=== PROVIDED DATA ===

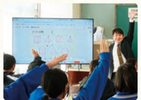
生徒が作成したカードを用いた授業
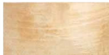
ANTIC COTTO 25x50
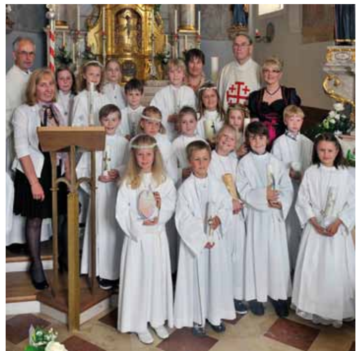
Die Erstkommunikanten von der VS Oberlangkampfen.
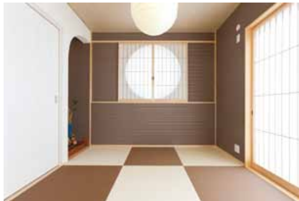
リビングから続く和室は、モダンな和洋折衷の趣きに。丸窓や照明、床の間のアーチなど個性が光る和空間。
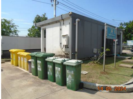
ภาพที่ 2-22 ถังขยะแยกประเภท
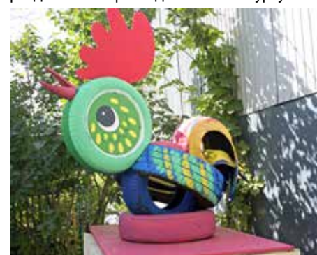
65-й цех – Году экологии

В новой номинации «Уголок чудес – Году экологии» особенно порадовали сделанные из старых покрышек и пластиковых бутылок лебедь, черепашка, бегемотик и ландыши на участке 61-го цеха, а также сказочный петух, сделанный из старых резиновых покрышек, на ухоженной территории цеха № 65. Жюри надеется, что в данной номинации ещё найдутся энтузиасты из других подразделений и присоединятся к конкурсу.

===

Repeat only the lines from the one holding "65-й цех – Году экологии" through the last line of the data.

65-й цех – Году экологии

В новой номинации «Уголок чудес – Году экологии» особенно порадовали сделанные из старых покрышек и пластиковых бутылок лебедь, черепашка, бегемотик и ландыши на участке 61-го цеха, а также сказочный петух, сделанный из старых резиновых покрышек, на ухоженной территории цеха № 65. Жюри надеется, что в данной номинации ещё найдутся энтузиасты из других подразделений и присоединятся к конкурсу.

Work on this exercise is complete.